◆ **WHAT TO PRODUCE**
Please, from the entries below, transcribe exactly the lines that begin at the line with "Preview of main" and end at the line with "Alexandra Lacrabere and", without the pictures.

◆ **Source data**
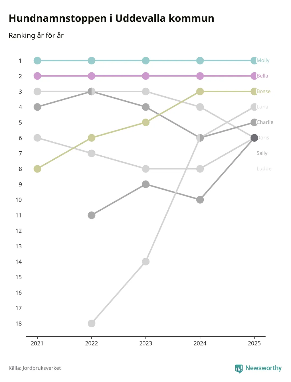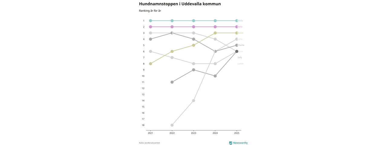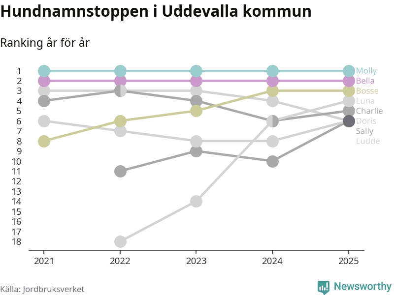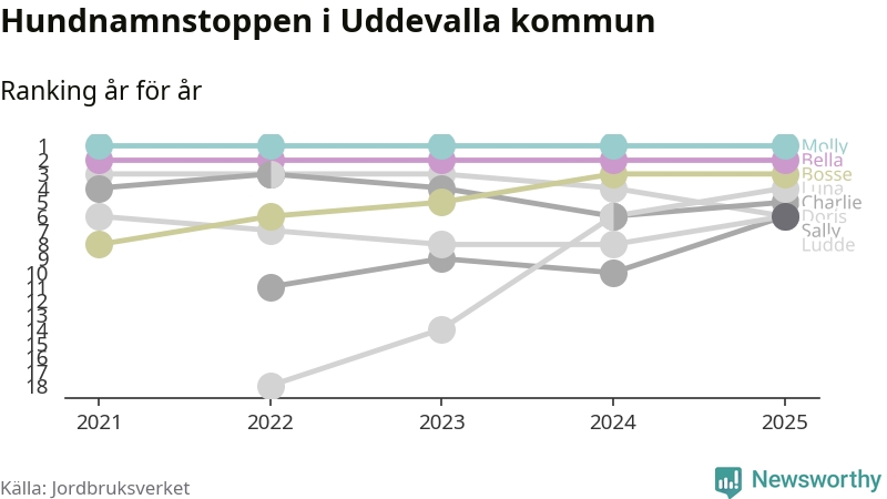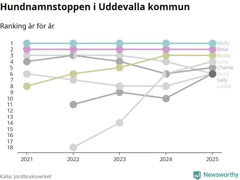 Molly toppar hundnamnsligan i Uddevalla kommun, precis som i landet som helhet. Det visar färsk statistik från Jordbruksverket. Här finns hela topplistan för kommunen.
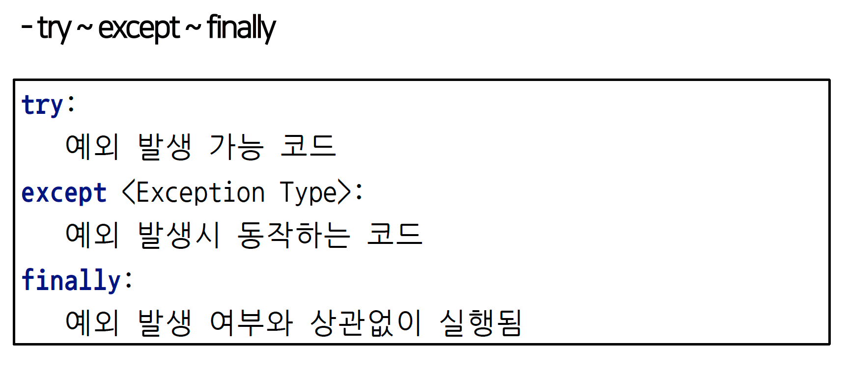 2. 예상이 불가능한 예외(인터프리터 과정에서 발생, 개발자 실수, 인덱스 에러, ZeroDivisionError 등)
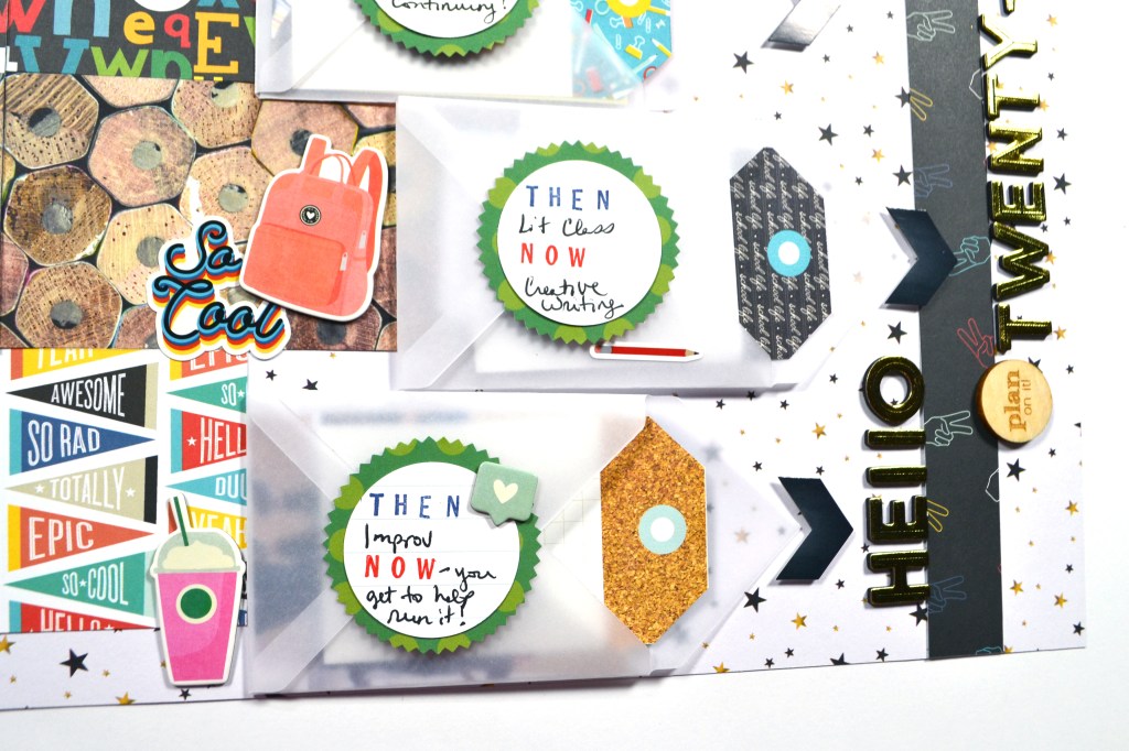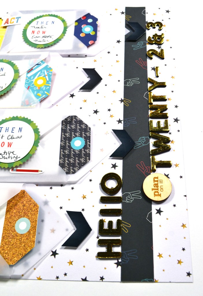 The little envelopes on the right hold more photos from last year and a journal tag that will have details on how things will be different this year. Plus the envelope flap looks like an arrow, so I added more arrow style embellishments to emphasize the title on the right for this new year.
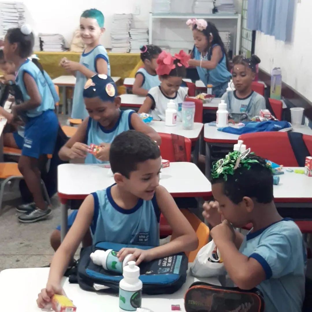 E novamente a festa foi realizada no outro turno e foi maravilhoso também,cheio de alegria,risos e muita bagunça. Rsrs😊😄
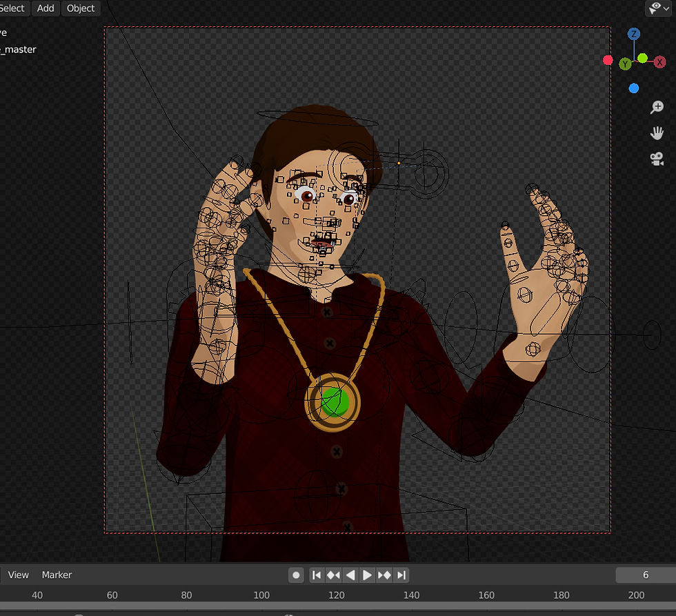 Preview of main character in rendered viewport shading.
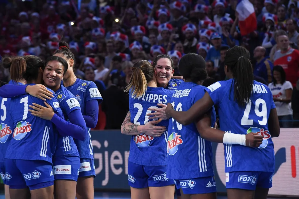 Alexandra Lacrabere and Laura Flippes of French team. Victory of French team Gold medal of Euro 2018 EHF final match Women's handball at the AccorHotel Arena in Paris on December 16, 2018 between the French team and the Russia team. Paris, FRANCE - 16/12/2018//HARSIN_HANDBALLEUROFRANCERUSSIE050/Credit:ISA HARSIN/SIPA/1812162134,Image: 403027373, License: Rights-managed, Restrictions: , Model Release: no, Credit line: Profimedia
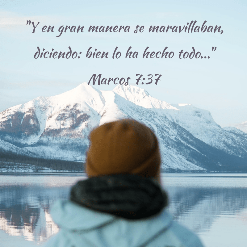 “Volviendo a salir de la región de Tiro, vino por Sidón al mar de Galilea, pasando por la región de Decápolis. Y le trajeron un sordo y tartamudo, y le rogaron que le pusiera la mano encima. Y tomándole aparte de la gente, metió los dedos en las orejas de él, y escupiendo, tocó su lengua; y levantando los ojos al cielo, gimió, y le dijo: Efata, es decir: Sé abierto. Al momento fueron abiertos sus oídos, y se desató la ligadura de su lengua, y hablaba bien. Y les mandó que no lo dijesen a nadie; pero cuanto más les mandaba, tanto más y más lo divulgaban. Y en gran manera se maravillaban, diciendo: bien lo ha hecho todo; hace a los sordos oír, y a los mudos hablar.”

◆ **RESULT OF THIS EXERCISE**
 Preview of main character in rendered viewport shading.
 Alexandra Lacrabere and Laura Flippes of French team. Victory of French team Gold medal of Euro 2018 EHF final match Women's handball at the AccorHotel Arena in Paris on December 16, 2018 between the French team and the Russia team. Paris, FRANCE - 16/12/2018//HARSIN_HANDBALLEUROFRANCERUSSIE050/Credit:ISA HARSIN/SIPA/1812162134,Image: 403027373, License: Rights-managed, Restrictions: , Model Release: no, Credit line: Profimedia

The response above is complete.